EXCERPTED RECORDS =
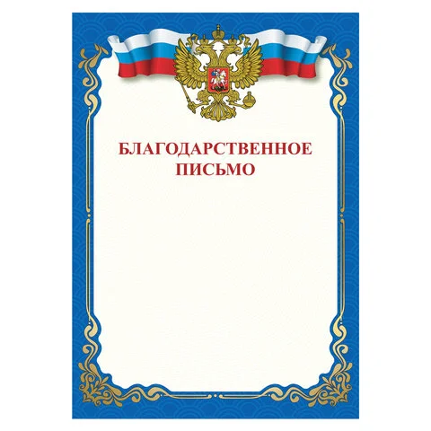 Грамота 'Благодарственное письмо', A4, мелованная бумага 115 г/м2, для лазерных принтеров, синяя, ST
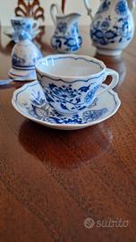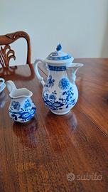 Hutschenreuther - Germania - Porcellana cipolla blu - bellissimo servizio 8 tazze da caffè con piattino, bricco caffè, bricco latte e zuccheriera. Ritiro Roma Sud
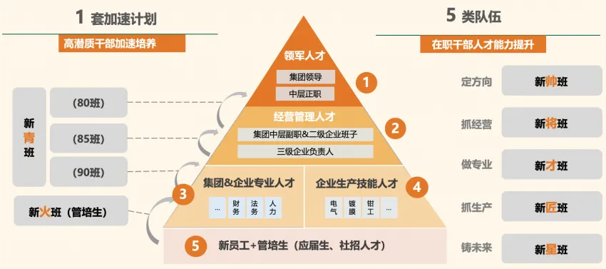 集团立足战略需求与业务实际,构建起覆盖全员、贯穿职业周期、分层分类的系统化培养机制。通过实施领军人才“新帅班”、经营管理“新将班”、青年干部“新青班”、专业人才“新才班”、技能工匠“新匠班”、管培生“新火班”以及新员工“新星班”七大专项培养项目,形成了层级分明的线性发展链路。
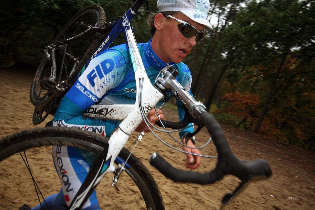 A string of professional cyclo-cross stars raced toward me, as I, with camera in hand, got ready to shoot – ‘Click’ went the shutter, ‘flash’ went the bulb and at that same moment Bart Wellens’ crashed to the ground screaming, “I can’t see, I’m blind, I can’t see”.
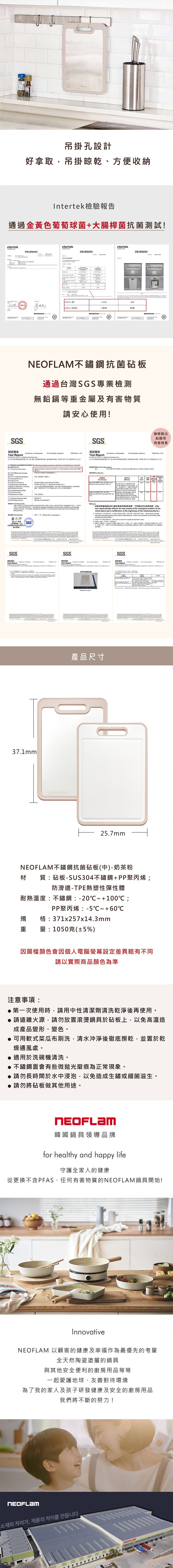品 名:NEOFLAM不鏽鋼抗菌砧板(中)-White silver / 奶茶粉
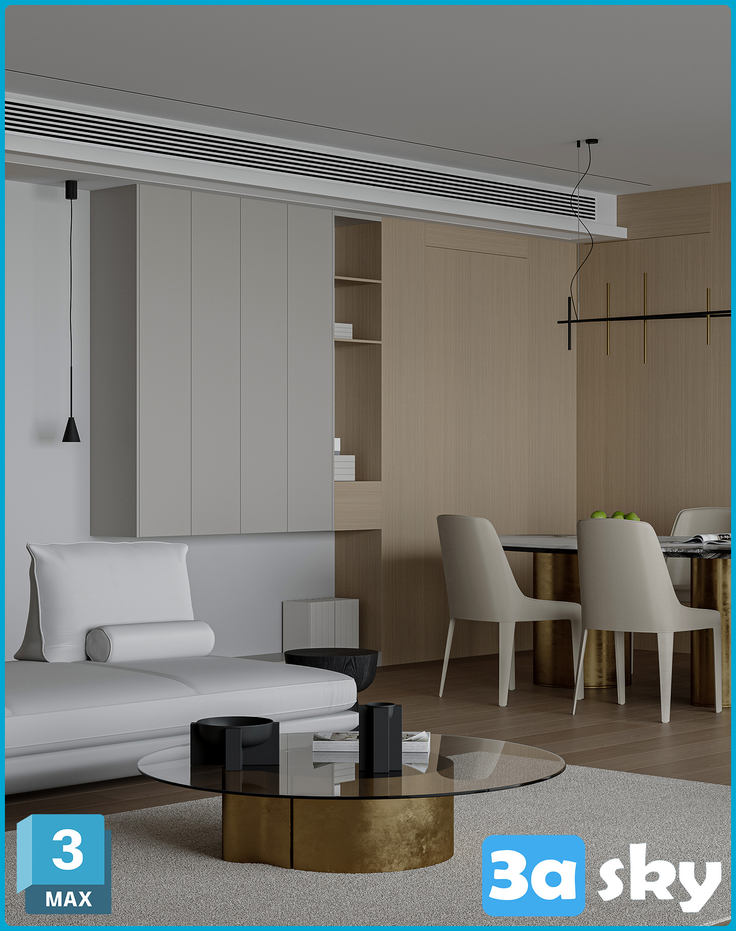 This image showcases a preview of a 3D scene created in 3DS MAX. The scene features detailed design elements and visualizations, offering a glimpse into the world of architecture and interior design. Explore the intricate details and creative concepts captured in this captivating image.
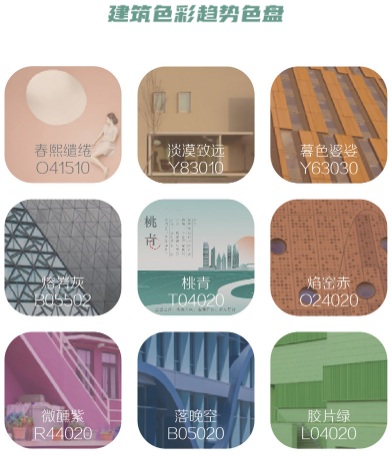 2021色彩趨勢總結出三大主題:重構、協同、快閃;九大色彩:春熙繾綣(O41510)、淡漠致遠(Y83010)、暮色婆娑(Y63030)、熔巖灰 (B05502)、桃青(T04020)、焰窯赤(O24020)、微醺紫(R44020)、落晚空(B05020)、膠片綠(L04020),作為未來中短期或中長期內建筑外立面的前瞻色彩趨勢,以期激發人們樂觀向上的精神,重振旗鼓向前邁進。

TASK DESCRIPTION = Would you please reproduce the entries above, starting at the line with "A string of" and stopping after the line with "品 名:NEOFLAM不鏽鋼抗菌砧板(中)-White silver / 奶茶粉"? Omit any pictures.

OUTPUT BELOW =
 A string of professional cyclo-cross stars raced toward me, as I, with camera in hand, got ready to shoot – ‘Click’ went the shutter, ‘flash’ went the bulb and at that same moment Bart Wellens’ crashed to the ground screaming, “I can’t see, I’m blind, I can’t see”.
品 名:NEOFLAM不鏽鋼抗菌砧板(中)-White silver / 奶茶粉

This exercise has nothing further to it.